■ SUPPLIED ENTRIES:
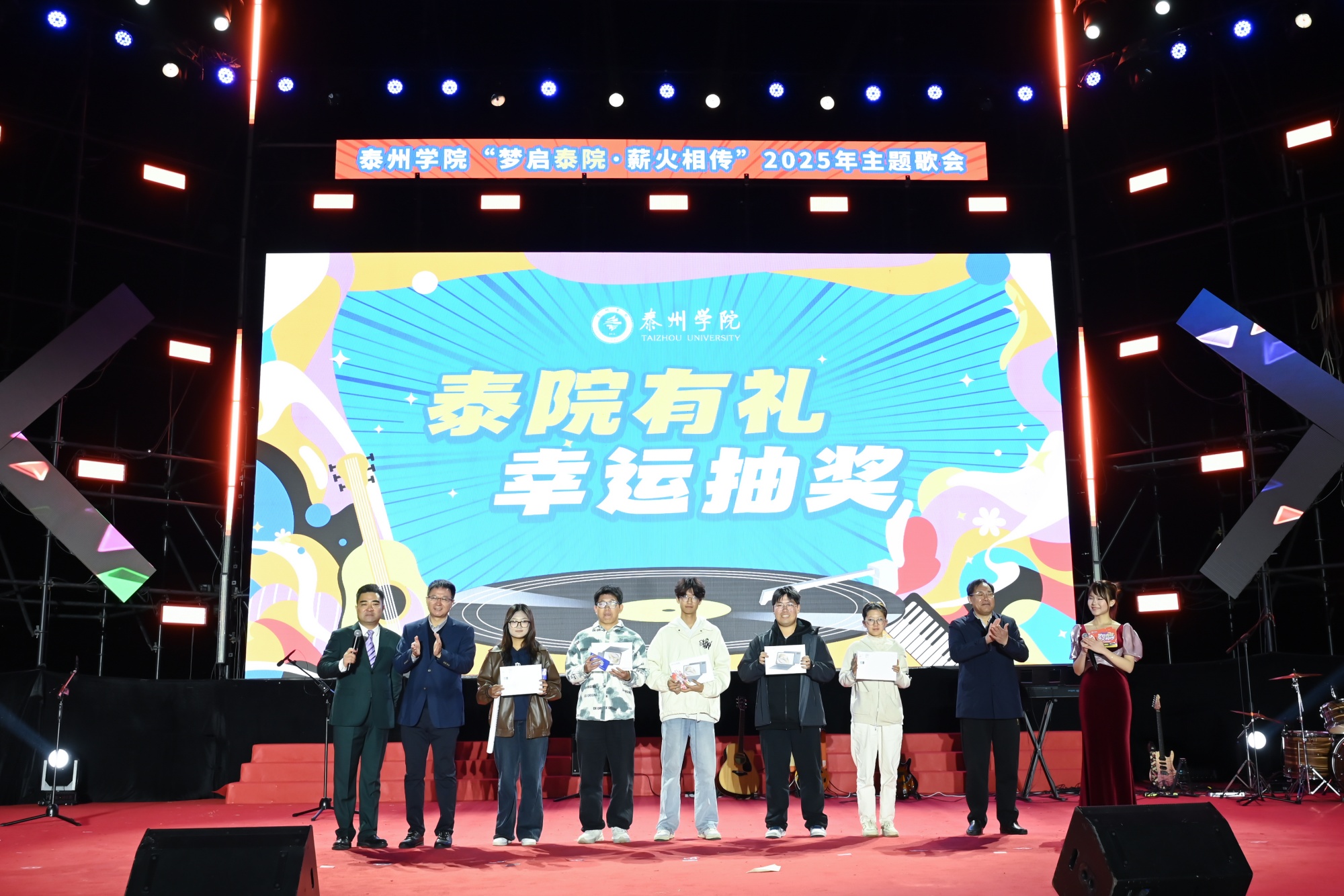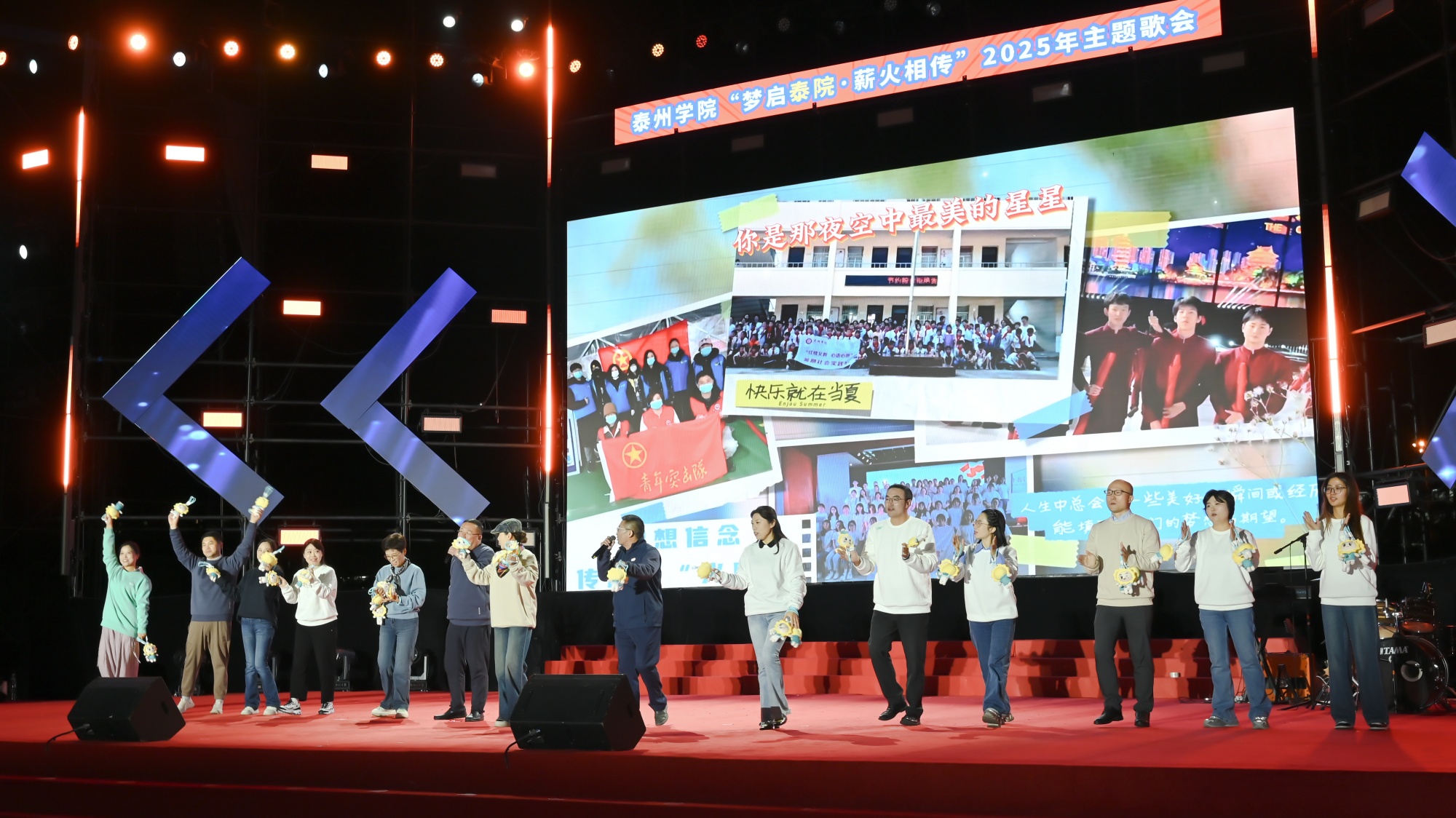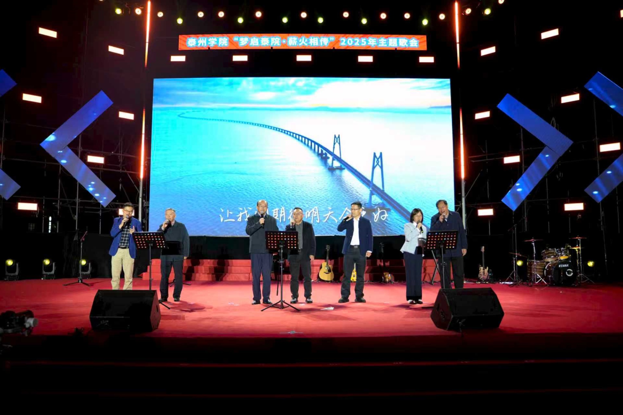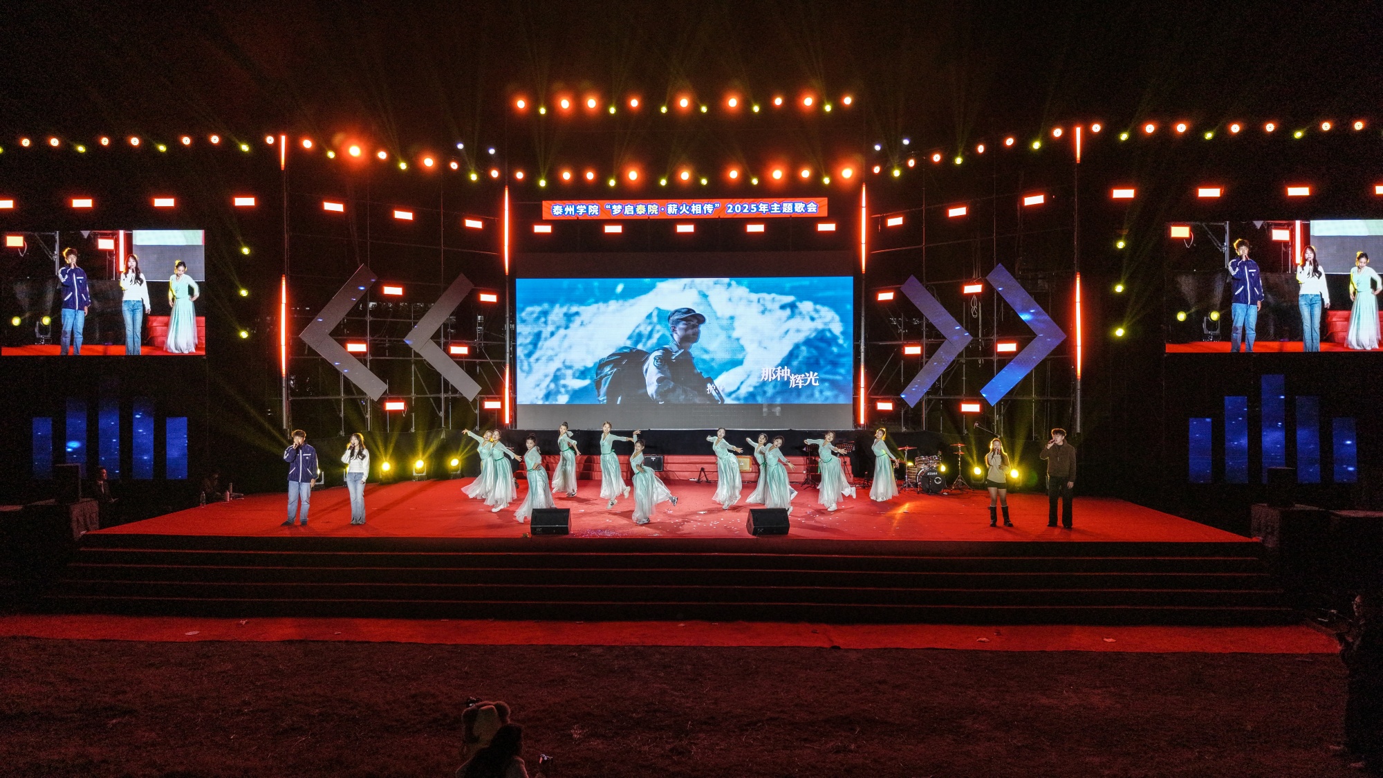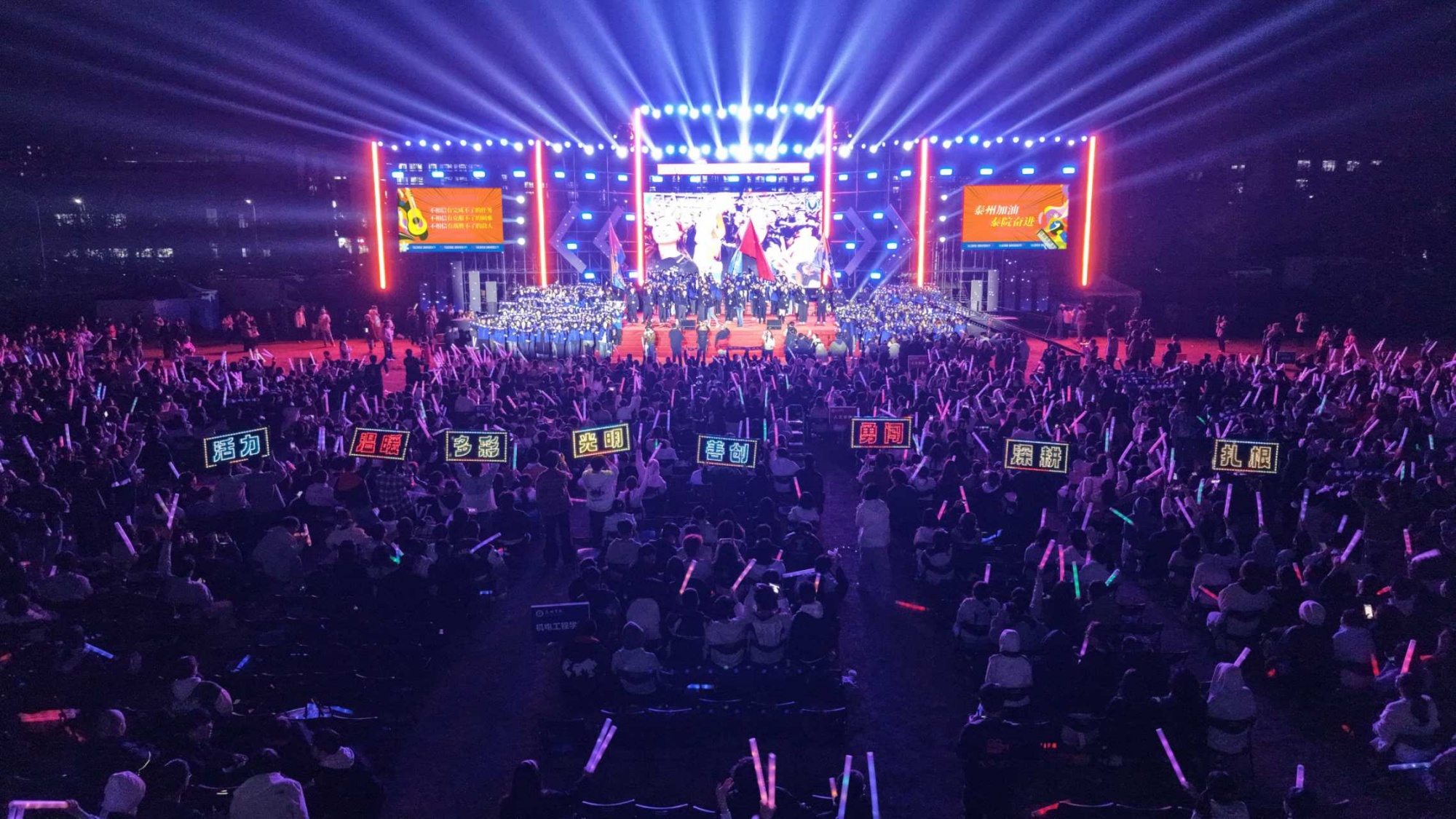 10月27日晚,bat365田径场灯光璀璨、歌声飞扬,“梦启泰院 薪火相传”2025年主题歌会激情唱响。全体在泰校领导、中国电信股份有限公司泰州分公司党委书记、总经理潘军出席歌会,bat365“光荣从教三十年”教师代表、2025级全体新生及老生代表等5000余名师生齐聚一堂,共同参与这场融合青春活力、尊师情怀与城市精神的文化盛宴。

* * *

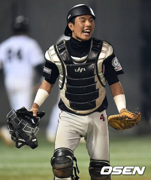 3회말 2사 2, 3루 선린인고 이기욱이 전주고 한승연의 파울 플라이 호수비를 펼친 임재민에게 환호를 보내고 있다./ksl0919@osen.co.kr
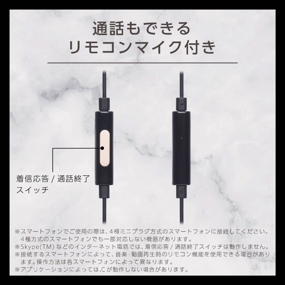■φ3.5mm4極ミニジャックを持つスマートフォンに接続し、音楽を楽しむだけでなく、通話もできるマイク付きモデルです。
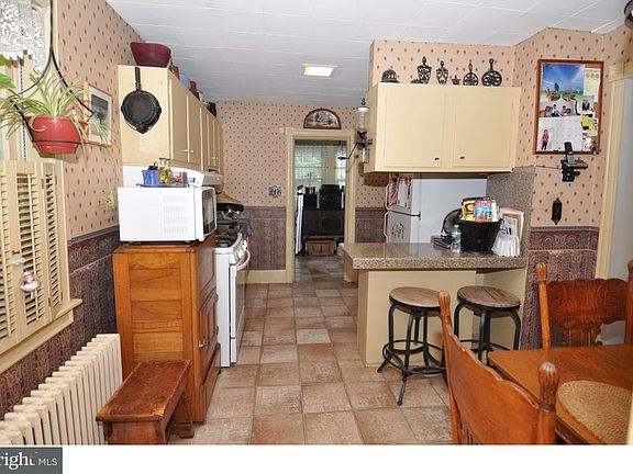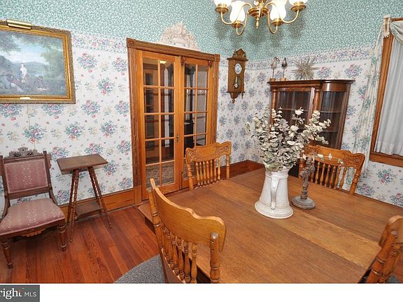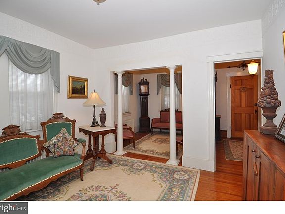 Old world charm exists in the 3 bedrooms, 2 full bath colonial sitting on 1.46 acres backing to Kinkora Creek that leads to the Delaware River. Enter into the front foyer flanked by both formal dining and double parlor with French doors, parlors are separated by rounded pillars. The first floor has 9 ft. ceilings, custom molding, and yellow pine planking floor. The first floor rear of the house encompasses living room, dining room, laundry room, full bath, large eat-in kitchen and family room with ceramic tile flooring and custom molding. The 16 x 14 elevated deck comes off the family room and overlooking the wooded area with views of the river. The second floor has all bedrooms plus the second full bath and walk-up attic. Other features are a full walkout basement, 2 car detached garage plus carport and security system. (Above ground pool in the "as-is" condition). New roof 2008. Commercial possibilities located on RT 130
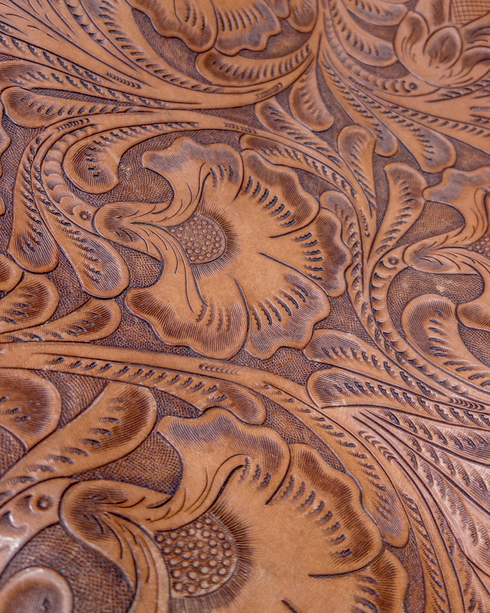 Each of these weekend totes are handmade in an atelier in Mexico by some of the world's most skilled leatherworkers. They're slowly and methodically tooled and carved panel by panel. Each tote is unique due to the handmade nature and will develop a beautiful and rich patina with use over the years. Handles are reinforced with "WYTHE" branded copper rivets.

■ WHAT THIS TASK INVOLVES:
Look above for the line with "3회말 2사 2, 3루" and the line with "Each of these". Output those two and everything between them exactly, pictures excluded.

■ ANSWER BOX:
 3회말 2사 2, 3루 선린인고 이기욱이 전주고 한승연의 파울 플라이 호수비를 펼친 임재민에게 환호를 보내고 있다./ksl0919@osen.co.kr
■φ3.5mm4極ミニジャックを持つスマートフォンに接続し、音楽を楽しむだけでなく、通話もできるマイク付きモデルです。
 Old world charm exists in the 3 bedrooms, 2 full bath colonial sitting on 1.46 acres backing to Kinkora Creek that leads to the Delaware River. Enter into the front foyer flanked by both formal dining and double parlor with French doors, parlors are separated by rounded pillars. The first floor has 9 ft. ceilings, custom molding, and yellow pine planking floor. The first floor rear of the house encompasses living room, dining room, laundry room, full bath, large eat-in kitchen and family room with ceramic tile flooring and custom molding. The 16 x 14 elevated deck comes off the family room and overlooking the wooded area with views of the river. The second floor has all bedrooms plus the second full bath and walk-up attic. Other features are a full walkout basement, 2 car detached garage plus carport and security system. (Above ground pool in the "as-is" condition). New roof 2008. Commercial possibilities located on RT 130
 Each of these weekend totes are handmade in an atelier in Mexico by some of the world's most skilled leatherworkers. They're slowly and methodically tooled and carved panel by panel. Each tote is unique due to the handmade nature and will develop a beautiful and rich patina with use over the years. Handles are reinforced with "WYTHE" branded copper rivets.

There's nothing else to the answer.